Hereditary nonpolyposis colorectal cancer (HNPCC), also known as Lynch syndrome, is the most common type of inherited colorectal cancer and accounts for 3% of new
colorectal cancer diagnoses. It is also associated with extracolonic cancers including endometrial, small bowel, ureter, stomach, renal pelvis, ovarian, and hepatobiliary. Variations of HNPCC include
Muir-Torre syndrome, which is associated with sebaceous skin tumors, and Turcot syndrome, which is associated with brain tumors such as medulloblastomas and gliomas. Colorectal cancers that arise in the setting of HNPCC have germline mutations in the mismatch-repair (MMR) genes (
MLH1,
MSH2,
MSH6,
PMS2) or the epithelial cellular adhesion molecule (
EPCAM) gene. Such colon cancers are usually right sided. There is also a high prevalence of metachronous colorectal cancers in patients with HNPCC.

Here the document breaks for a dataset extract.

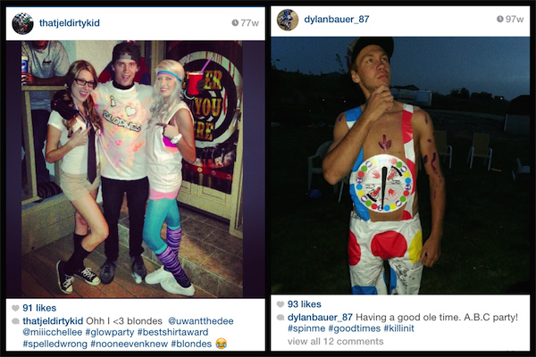 Jelderda isn’t really dressed up here but whatever he’s done it’s working. Bauer will have to explain what an ABC party is, damn I’m getting old. I can only assume the twister costume is rigged to always land on red. |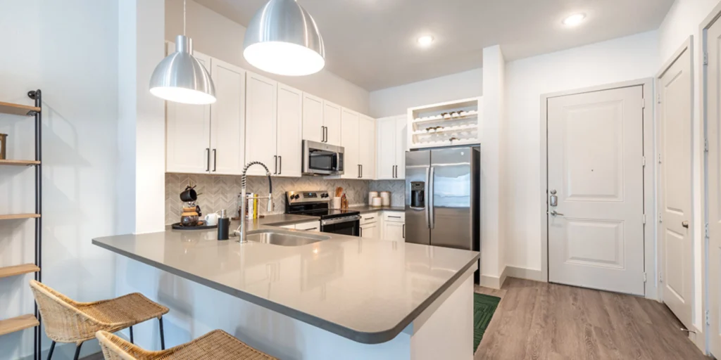 The result was a multifamily community that balances comfort, style, and long-term durability. The completed interiors bring the design vision to life and support the ongoing success of this growing waterfront district.

The diagnosis of HNPCC can be made using Amsterdam II criteria:
- Three or more relatives with histologically verified HNPCC-associated cancer (colorectal cancer, cancer of the endometrium, small bowel, ureter, or renal pelvis), one of whom is a first-degree relative of the other two
- Cancer involving at least two generations
- One or more cancer cases diagnosed before 50 years of age
- Familial adenomatous polyposis should be excluded in the colorectal cases
- Tumors should be verified by pathologic examination
The revised Bethesda guidelines are used to determine which patients with colorectal cancer should be screened for HNPCC with tumor testing for microsatellite instability.
Confirmation of the diagnosis with genetic testing for a germline mutation in the MMR genes or in the
EPCAM gene should be done. Once the diagnosis is made, first-degree family members should be tested.